Cassa Pancho was interviewed by Susan Dalgetty Ezra, Chair of the London Ballet Circle on 26th September 2016 at the Civil Service Club.  
Our Chairman welcomed one of London Ballet Circle's Vice-Presidents, Cassa Pancho MBE, the founder and award-winning Artistic Director of Ballet Black. This company was established to provide opportunities for dancers of black and Asian descent, especially in classical ballet.  Cassa explained that her parents had no connection to the dance world, but they started her ballet career when she was two and a half years old, in Ealing.  Initially she screamed before and after her classes but soon began to enjoy it!  
 
Cassa took the Royal Academy of Dance exams and went on to train there.  Most of her fellow students became teachers. However, she went on to take a degree in classical dance at Durham University, and she concentrated on choreography whilst studying there. In her final year she wrote a dissertation on the lack of black women in classical ballet in the United Kingdom. Whilst researching this she met Denzil Bailey.  It took her five years to complete her studies as she had suffered a fractured back. She qualified as a teacher.  On graduation in 2001 she founded Ballet Black, to provide the opportunities she had realised were missing for black classical dancers. Denzil Bailey was the Founding Ballet Master. She started looking for dancers to recruit by placing an advertisement in a black women's magazine, and relying on word of mouth. She found dancers who were interested in joining her company and she was offered free studio space one day a week for her company. Cassa and Denzil put together a performance at the Royal Academy of Dance, Maison Blanc donated cakes and champagne, her husband was the physiotherapist for Trinity College of Music so helped recruit student musicians to provide live music, her mother made costumes and 150 people attended that performance. The new company had a lot of well wishers and the performance made enough money to pay for another show. This was at the Cochrane Theatre as part of Black History Month.  
 
In 2003 the Company really started to take off. It only performed new work - ballets created by Cassa, Denzil, Stephen Sheriff and Daniel Jones, all performed to live music.  She realised that the company needed a repertoire and commissioned people to make work specifically for Ballet Black. She did not want pieces that were performed by the Royal Ballet or any other companies. Some choreographers approach the company for a commission and others are sought out. Cassa tries to create a balance between the work of the new, the up and coming and the established choreographers.
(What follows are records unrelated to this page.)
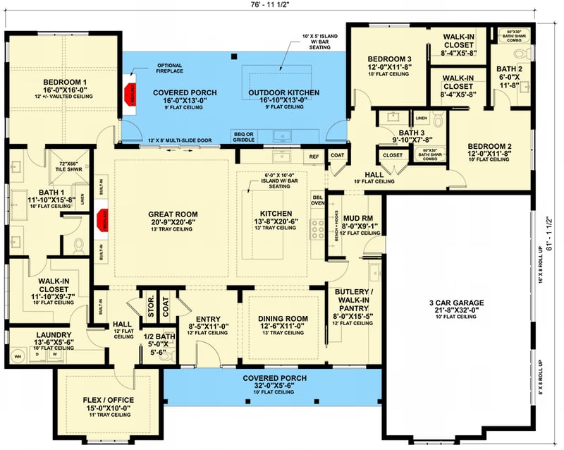 Plan 421037WNT: Transitional Modern Farmhouse House Plan with 3-Car Garage, Home Office and Outdoor Kitchen - Floor Plan - Main Level - Country, Craftsman, Modern Farmhouse, Transitional
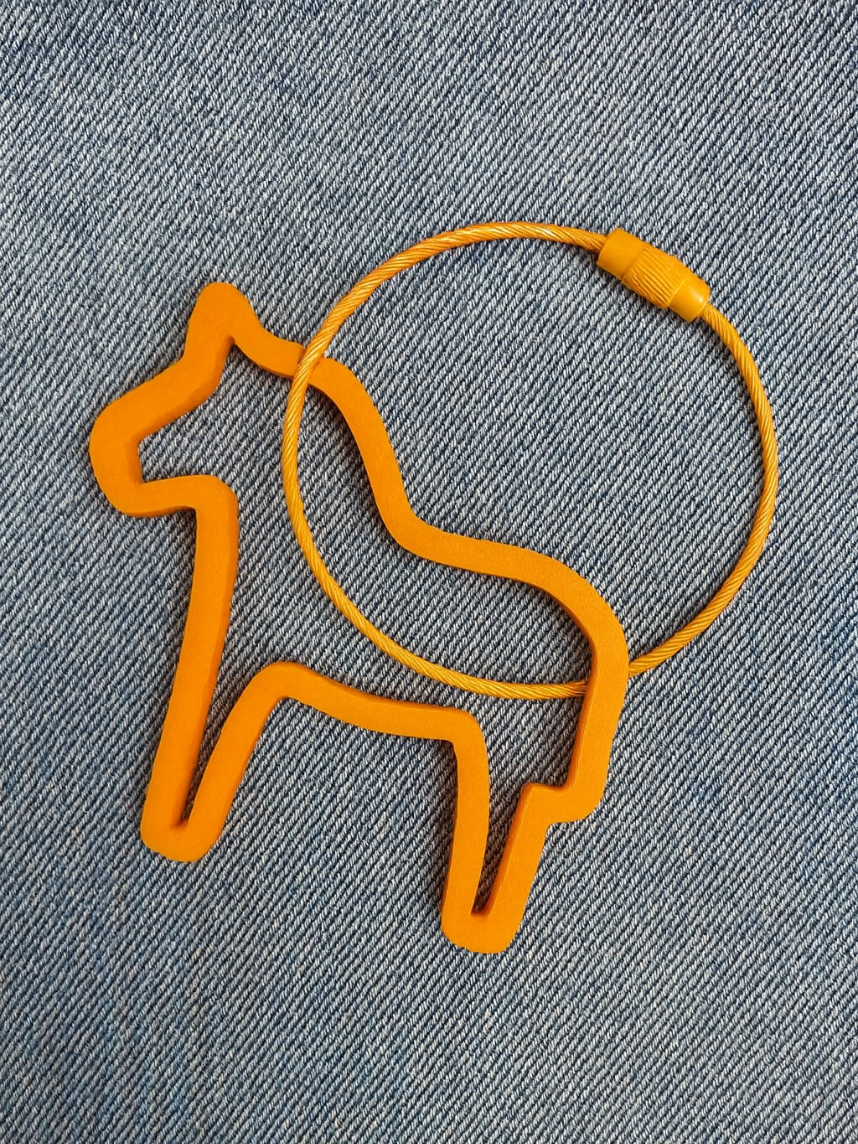 Брелок выполнен из пластика методом 3d печати, висит на стальном тросике с удобным винтовым замком.
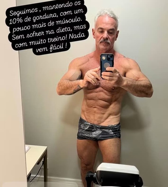 Em outra ocasião, o artista mostrou o físico musculoso. “Seguimos, mantendo os 10% de gordura, com um pouco mais de músculo. Sem sofrer na dieta, mas com muito treino. Nada vem fácil”, reconheceu.
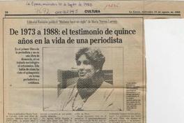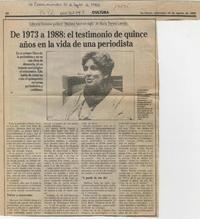 De 1973 a 1988, el testimonio de quince años en la vida de una periodista [artículo]. La Epoca. -- ago. 10, 1988, p. 26 .
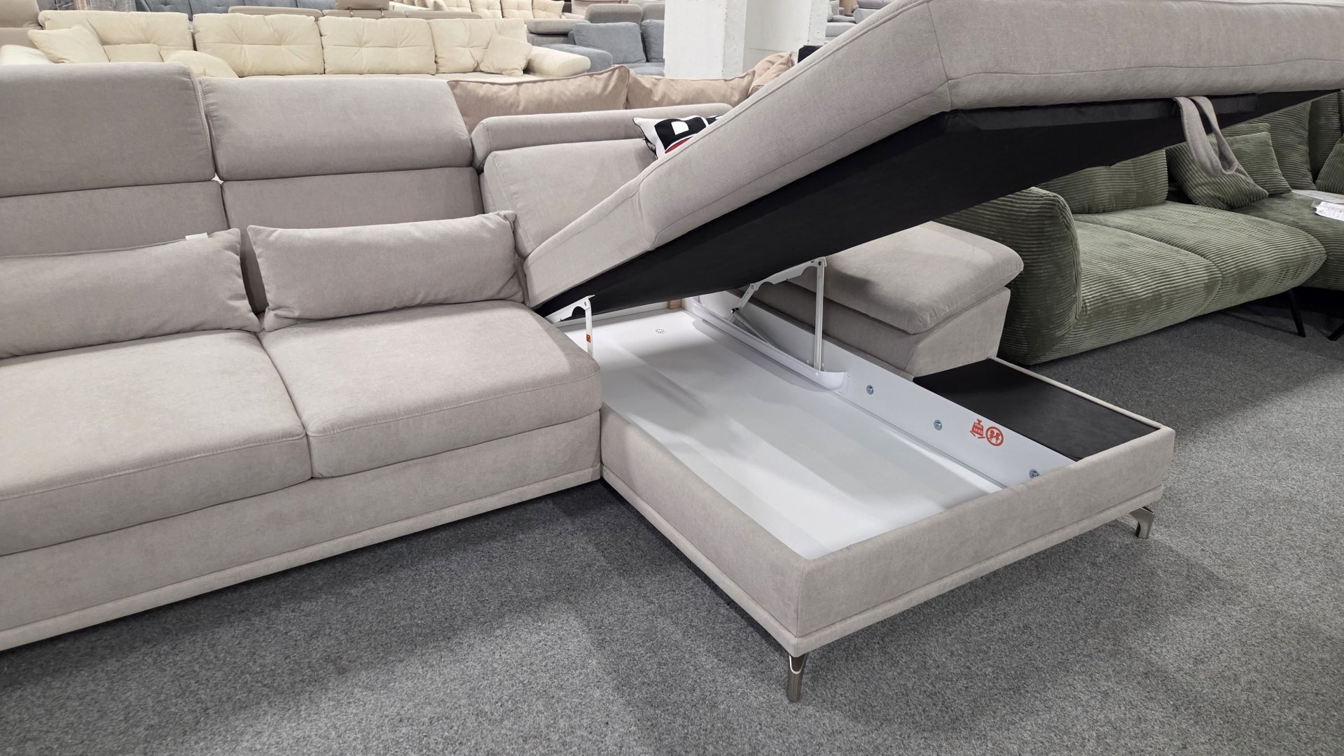 Nagyon kényelmes sarokkanapé, állítható ülésmélységgel, állítható fejtámlákkal.
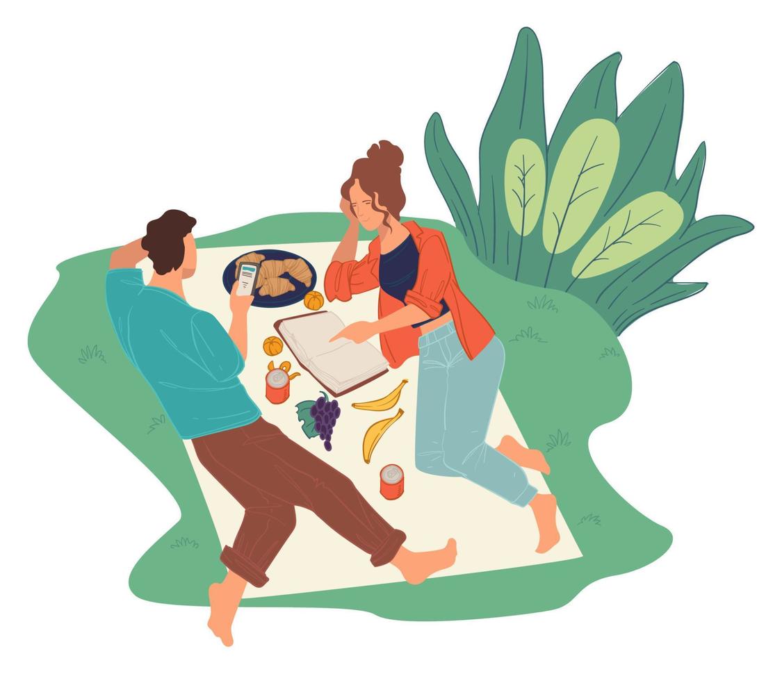 Couple on picnic reading book and browsing web Pro Vector
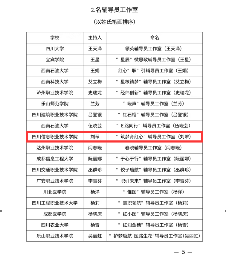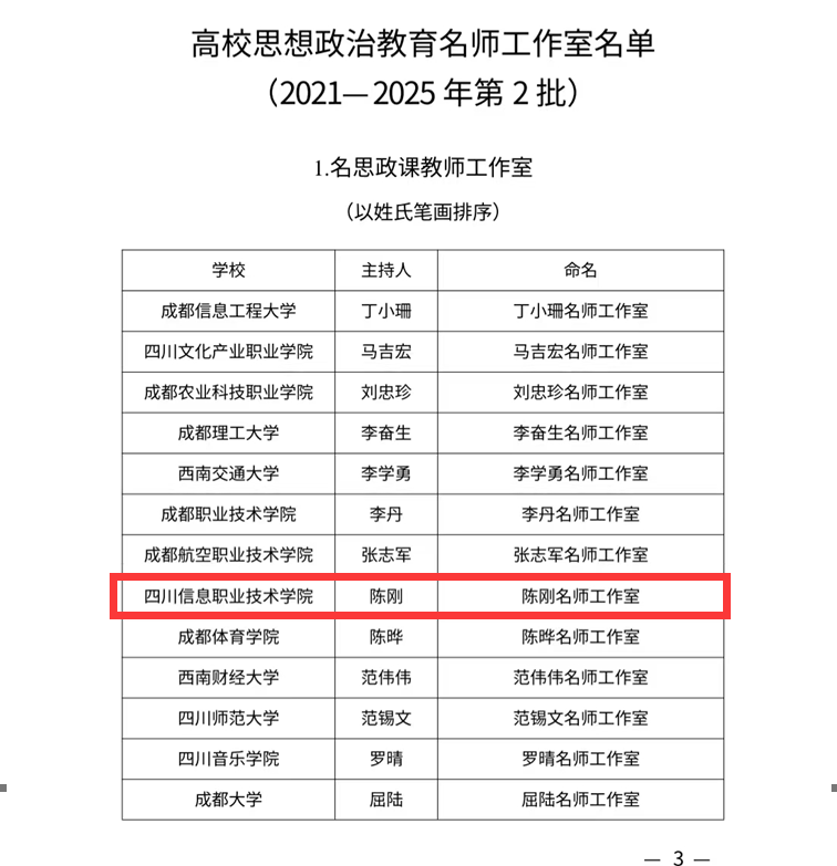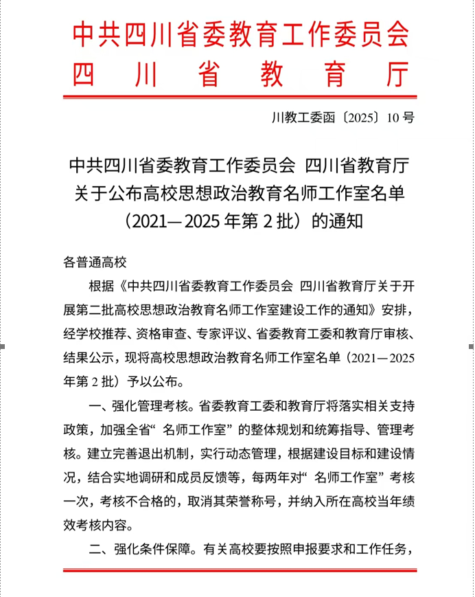 近日,中共四川省委教育工委、四川省教育厅公布了(2021-2025年第2批)高校思想政治教育名师工作室名单。其中,我院马克思主义学院院长陈刚主持的“陈刚名师工作室”入选“高校思想政治教育名思政课教师工作室”、智能控制学院辅导员刘翠主持的“筑梦育红心”辅导员工作室入选“高校思想政治教育名辅导员工作室”。
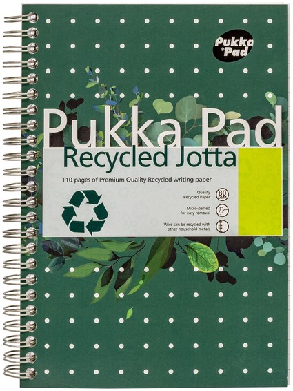 De gerecyclede Pukka Pads-lijn weerspiegelt Pukka's toewijding aan het creëren van ethische producten van hoge kwaliteit. We zijn er trots op dat we een assortiment gerecyclede notitieblokken van topkwaliteit kunnen aanbieden, zodat u duurzaam en stijlvol kunt zijn. De mogelijkheden voor onze notitieblokken zijn eindeloos, of het nu voor terug naar school, de universiteit of gewoon een ruimte voor uw ideeën is. Onze A5-notitieblokken zijn de perfecte aanvulling op je schrijfwarencollectie... Waarom kies je niet voor een milieuvriendelijk alternatief voor je gebruikelijke notitieblok?
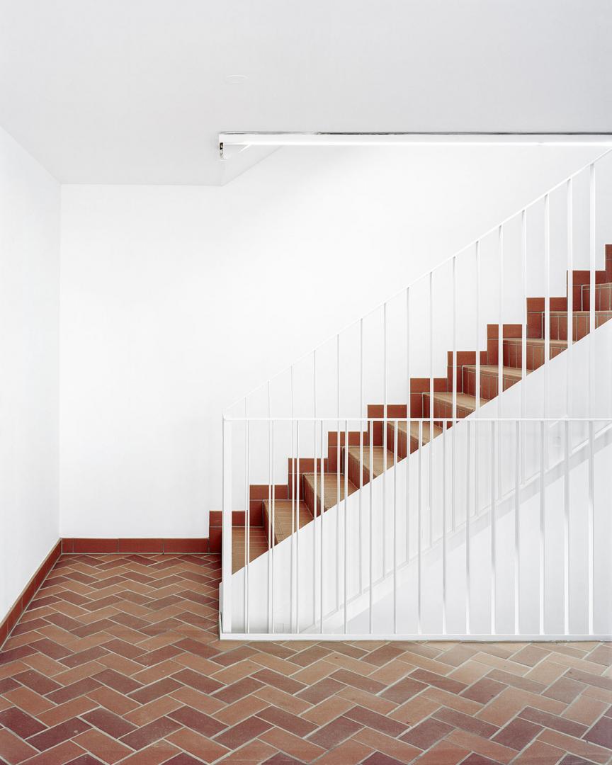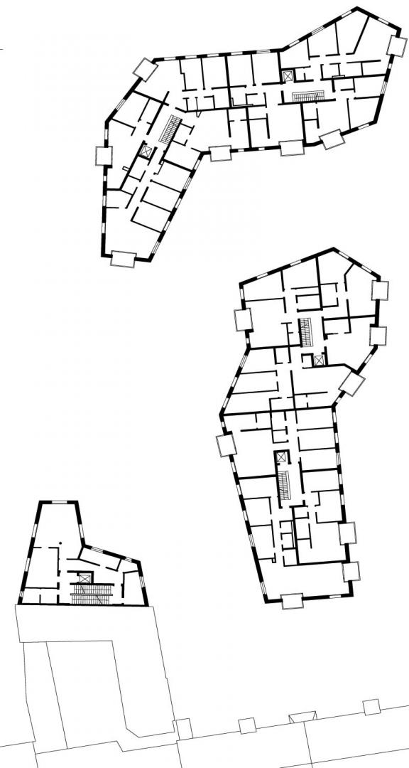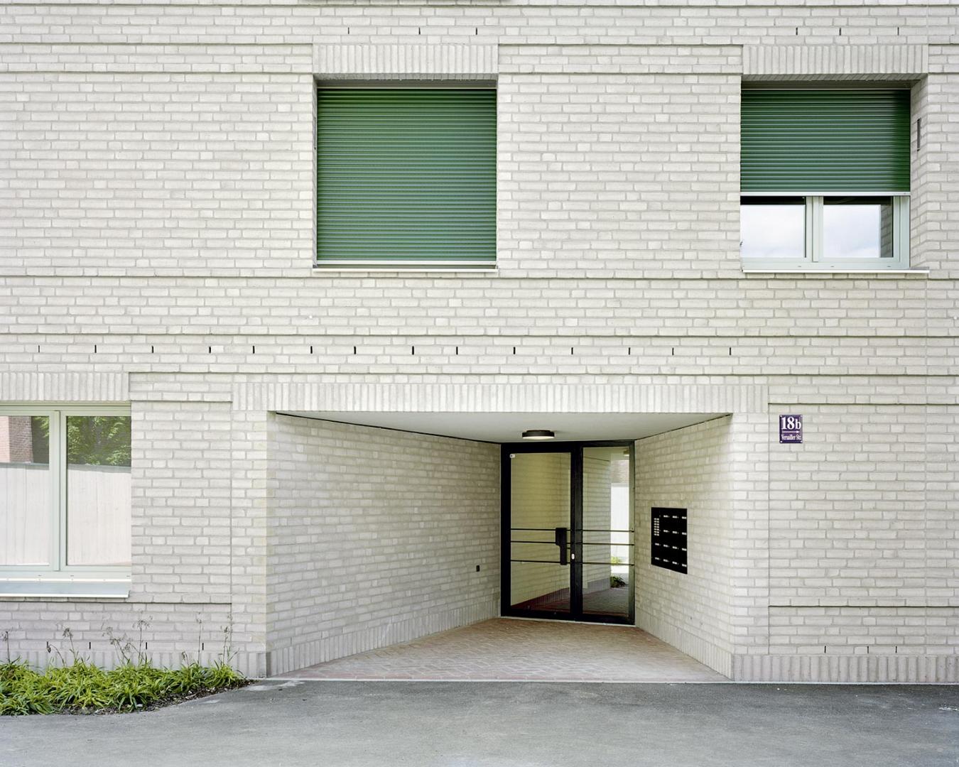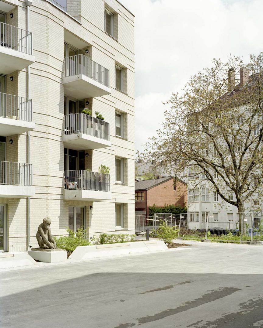 Die beiden neuen Baukörper beherbergen jeweils zwei Wohnhäuser. Diese sind als 3- und 4-Spänner organisiert. Das dritte neue Gebäude im Hof befindet sich an der Brandwand im Süden und wird als Kinderhaus genutzt. Die Gestaltung der zweischaligen Mauerwerksbauten wurde aus den umgebenden Gebäuden entwickelt: Die hellen Mauerwerksfassaden der Neubauten sind farblich an die bestehenden Wohngebäude angelehnt und nähern sich in ihrer Struktur und Materialität an die Klinker der Kirche an. Die Profilierung an der Fassade in Form von umlaufenden Bändern bezieht sich auf die Fensterbrüstungen und -stürze der unterschiedlichen Fensterformate. Die Farben der Fenster und des Sonnenschutzes sind jeweils leicht unterschiedlich – so findet man drei eigenständige Individuen im Hof.
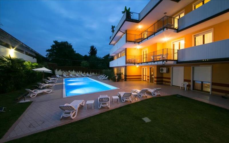 W obiekcie **** o statusie sklasyfikowanym znajduje się recepcja, odkryty basen z parasolami i leżakami (w zależności od dostępności),ogród, W cenę wliczone jest łącze Wi-Fi, prywatny parking zadaszony (w cenie 1 samochód),winda. Podstawowe dwupokojowe mieszkanie: Podstawowe dwupokojowe mieszkanie (ok.. (ok. 50m2). Duża kuchnia z salonem w pełni umeblowana, wyposażona w zastawę stołową, 4 elektryczne palniki do gotowania,lodówka z zamrażarką,kuchenka mikrofalowa,zmywarka, pralka (jeśli dostępna). Mają również telewizję cyfrową/satelitarną,klimatyzacja, ogrzewanie na zimę,balkon. Wyposażony w sypialnię dwuosobową z pościelą, narzuta i ręczniki, 1 szafa, 1 łazienka z prysznicem, toaleta i bidet. Każdy klient ma do dyspozycji mały sejf, w którym może przechowywać swoje rzeczy osobiste. Wszystko umeblowane ze smakiem. Dostępny bezpłatny internet Wi-Fi, 1 zadaszone miejsce parkingowe i zestaw powitalny.
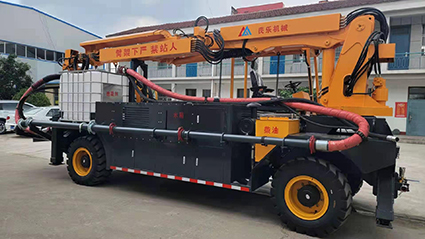混凝土濕噴臺車包括液壓噴射機械手、噴射機(泵)、外加劑及其添加設(shè)備和電纜卷盤、空壓機等,都安裝在同一機械底盤上,是一臺集混凝土泵送、外加劑添加、混凝土噴射等多項作業(yè)于一體的組合設(shè)備?;炷翝駠娕_車的各組成系統(tǒng)在整體設(shè)計上統(tǒng)一考慮了其布局的合理性,做到了易于維修,并具有易于清洗的特點。
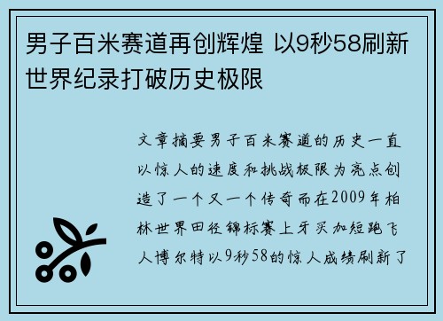 文章摘要:男子百米赛道的历史,一直以惊人的速度和挑战极限为亮点,创造了一个又一个传奇。而在2009年柏林世界田径锦标赛上,牙买加短跑飞人博尔特以9秒58的惊人成绩刷新了百米世界纪录,打破了历史的极限。...
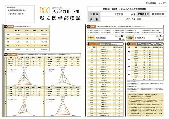 そこで、メディカルラボでは、各大学の出題傾向と生徒の得意分野から合格可能性を見極める私立医学部模試を実施。独自の出題形式と換算基準を基に、学力をスピード、記述力、計算力、思考力などに分類して測定し、その得点結果から「大学別パーソナルスコア」を算出している。自分と相性がよく、合格に近い大学順に、1位から31位までランキングが表示される仕組みだ。
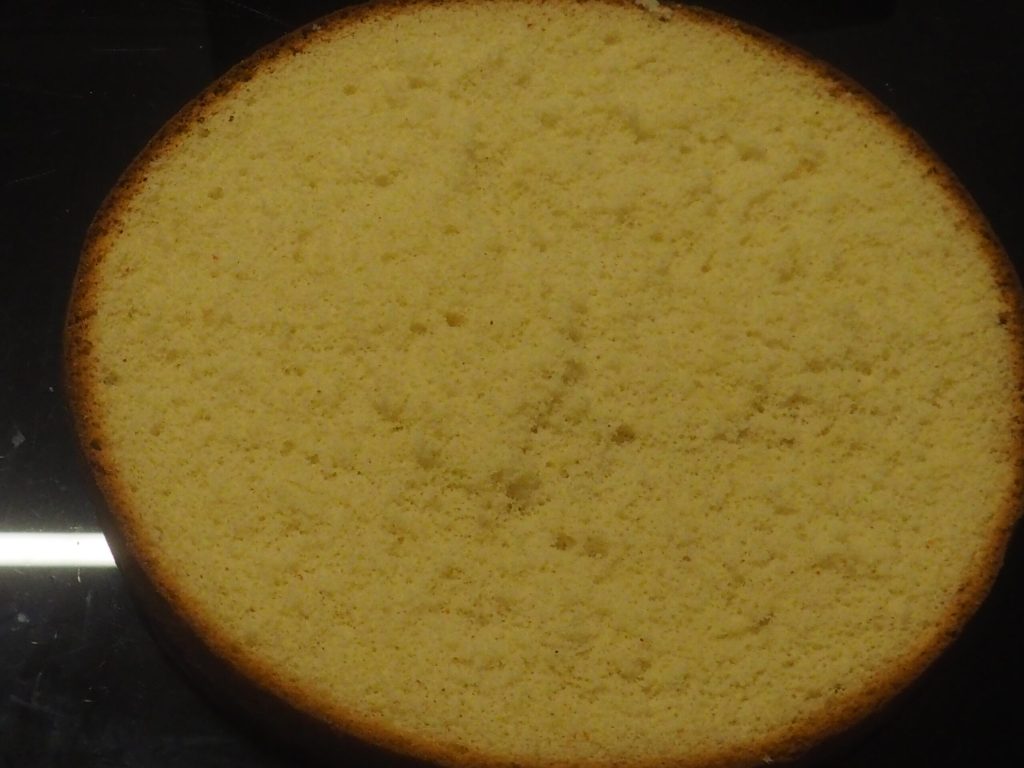 • Coloca el segundo disco de bizcocho en un plato y empapa tanto la parte superior como la inferior con el almíbar restante. Con esto cierra la tarta con la última capa. Pon en la nevera al menos por una noche.
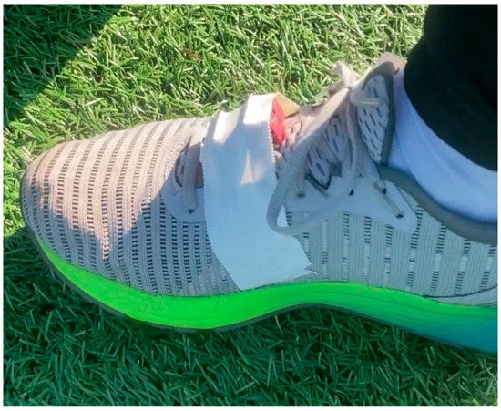 IMUs were secured on the instep of each shoe using a tight elastic band placed under the shoelaces and hooked over the clips of the IMU (Figure 1). The IMUs were further secured with an additional cross strap of sports tape. A stride was defined from touch-down of one foot to the subsequent touch-down of the same foot. The strides of both feet were analysed. Participants started from a split stance position with their front foot placed against the start line. The strides of this foot were denoted ‘front foot’ strides and that of the other, ’rear foot’ strides.

It is easier for the company to afford choreographers based in this country.  
The company performs at the Barbican Centre in London, as the Linbury Theatre is closed at present, and on tour, so all their ballets have to fit into a couple of suitcases!  In the last year, the company has revived Christopher Hampson's Storyville and Arthur Pita created a pas de deux, Cristaux. Christopher Marney also created a new ballet, To Begin, Begin.  
 
Cassa aims to create a balanced programme, and not to present three dark pieces on the same evening - and to finish the performance with a narrative ballet. The casting is not decided at the outset, but emerges as each piece is created. The company has sixteen tour dates before the end of 2016 and Cassa is also working on the next season.